Use Newton's method to approximate the indicated root of the equation correct to six decimal places. The root of x^4 − 2x^3 + 5x^2 − 5 = 0 in the interval [1, 2]
To use Newton's method to approximate the root of the equation x^4 - 2x^3 + 5x^2 - 5 = 0 in the interval [1, 2] to six decimal places, follow these steps:
1. Start by finding the derivative of the function. Differentiating x^4 - 2x^3 + 5x^2 - 5 with respect to x, we get: 4x^3 - 6x^2 + 10x.
2. Choose an initial guess, x_0, within the interval [1, 2] as a starting point for the method. Let's choose x_0 = 1.5.

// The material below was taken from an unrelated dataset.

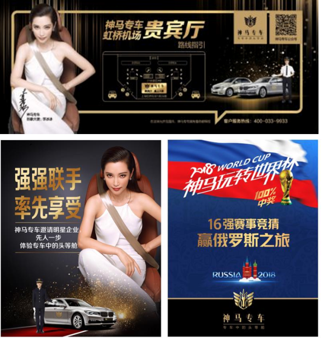 基于對消費者升級出行需求的精準洞察,神馬專車除了與順豐優(yōu)選進行首次品牌跨界外,今年還成功對接“空中頭等艙”服務,已在上海虹橋機場設立專屬貴賓廳;選用李冰冰為代言人,打造一系列能洗刷用戶心智的地鐵海報,詮釋了“享受現(xiàn)在”的品牌主張;以及在滬深進行的地鐵“刷墻”營銷,更出奇地玩了一把品效合一的世界杯營銷……通過有策略性地進行積極營銷,神馬專車正不斷強化自身“頭等艙”的高端品牌形象。
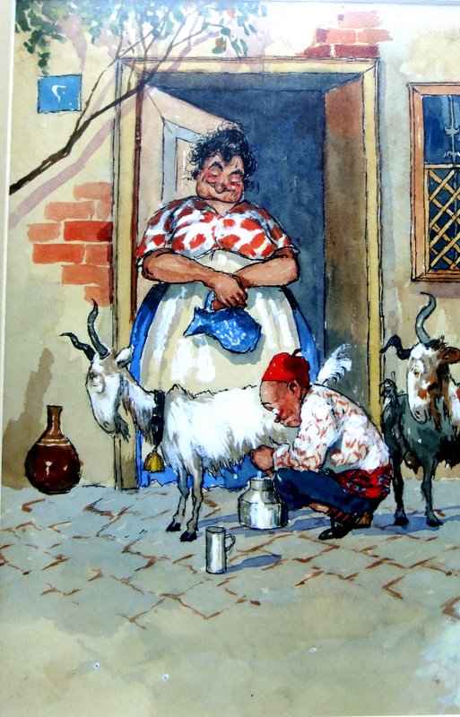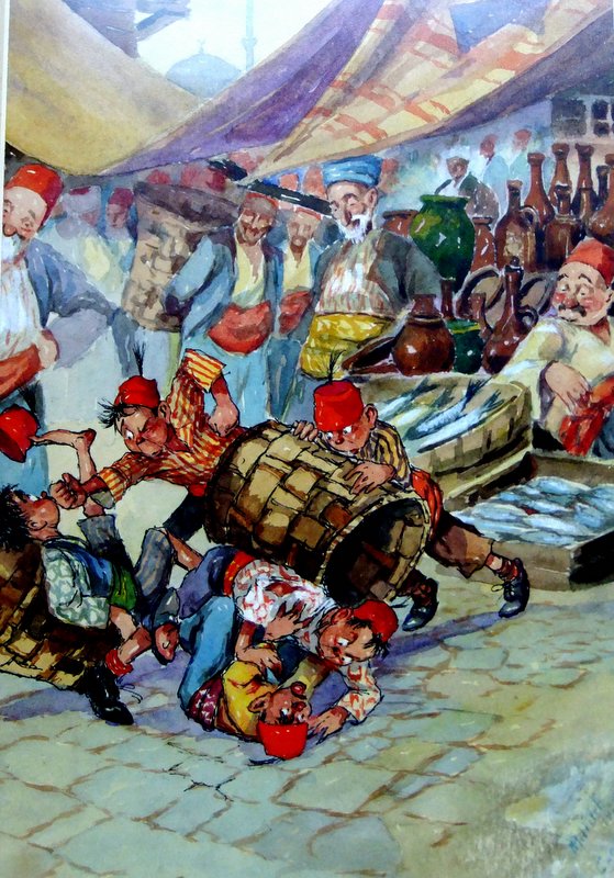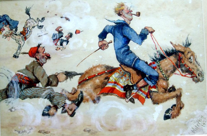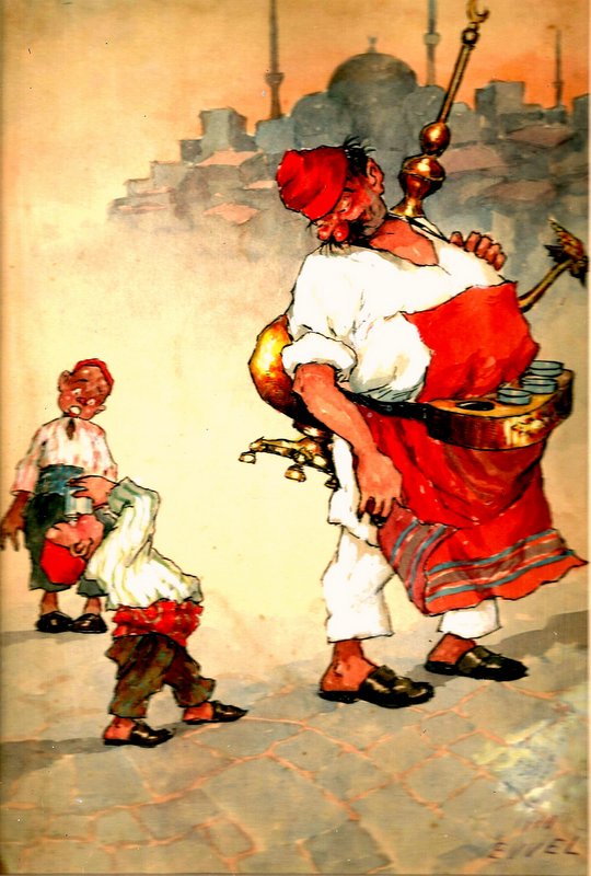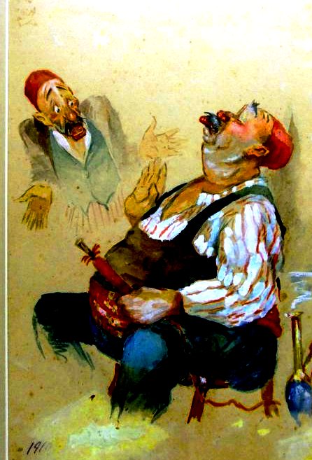 Yukarıda gördüğünüz resimle 1950’li yıllarda tanıştım. Babam, her türlü resim ve kartpostalı bir kutuda biriktirir, bazı günler açıp masada yeniden düzenlerdi. İşte o günlerden birinde masanın üzerinde, yorgun bana bakan sakallı adamı gördüm. Bana yazları gittiğimiz İstanbul Erenköy’deki küfesi sırtında, kızgın güneşte köşklerin ara sokaklarında sebze satan terli adamı hatırlattı. Çocuk olarak başına üşüşür, sihirbaz gibi küfesinden çıkanlara bakardık. O zamanlar bu adamlara “Zerzevatçı” denirdi. Bu resim benim favorim olmuştu. Babamda ayrıca buna benzer aynı çizgilerde bir başka resim daha vardı, yani topu topu iki tanecik kartpostal. Altında “1910 EVVEL” yazılıydı, siyah harflerle yani 1910 yıllarından önce, oysa ellili yıllarda bile vardı bu sokak sebzecileri. Hayatın, bu resmi benim karşıma çıkaracağından habersiz yıllar geçti. Seksenli yıllarda Bodrum’da tanıştığım ve sonradan arkadaşım olan Metin Acar’ın evinde havadan sudan konuşurken “En güzel İstanbul karikatürlerini Mitrich çizmiştir” dedi. “Tanımıyorum” dediğimde yerinden kalktı, içerideki odadan kucağında bir yığın resim çerçevesi ile geldi, ahşap masanın üzerine koydu. Meraklı kedileriyle birlikte, resimlere baka kaldım. İşte, çocukluğumda gördüğüm o kartpostal önümdeydi, hem de orijinal olarak. Peki, kimdi bu Mitrich ? Metin Acar anlatıyor:

3. Calculate the next approximation, x_1, using the formula: x_1 = x_0 - (f(x_0) / f'(x_0)), where f(x) is the original function and f'(x) is its derivative.
Plugging in the values, we have:
x_1 = 1.5 - ((1.5^4 - 2(1.5)^3 + 5(1.5)^2 - 5) / (4(1.5)^3 - 6(1.5)^2 + 10(1.5)))
Simplifying the expression, we get:
x_1 ≈ 1.414263
4. Repeat the process iteratively until the desired level of accuracy is achieved. Calculate subsequent approximations, x_2, x_3, and so on, using the same formula as in step 3.
5. Keep iterating until the difference between consecutive approximations is less than the desired tolerance (epsilon). In this case, we want the approximation to be correct to six decimal places. Therefore, continue to iterate the formula until |x_(n+1) - x_n| < 0.000001 (epsilon).
6. The final approximation, which is correct to six decimal places, will be the value of x when the iteration process stops.
Keep in mind that Newton's method may not always converge or may converge to a different root, depending on the initial guess and the behavior of the function.
To use Newton's method to approximate the root of the equation x^4 − 2x^3 + 5x^2 − 5 = 0 in the interval [1, 2], we'll need to follow these steps:
Step 1: Write the equation in the form f(x) = 0:
f(x) = x^4 − 2x^3 + 5x^2 − 5
Step 2: Find the derivative of f(x), denoted as f'(x):
f'(x) = 4x^3 - 6x^2 + 10x
Step 3: Choose an initial approximation, denoted as x₀, within the interval [1, 2]. Let's select x₀ = 1.5.
Step 4: Use the formula of Newton's method to find the next approximation, denoted as x₁:
x₁ = x₀ - f(x₀)/f'(x₀)
Step 5: Repeat step 4 until the desired accuracy is achieved. In this case, let's continue until the approximation is correct to six decimal places.
By following these steps, we can proceed with the calculations.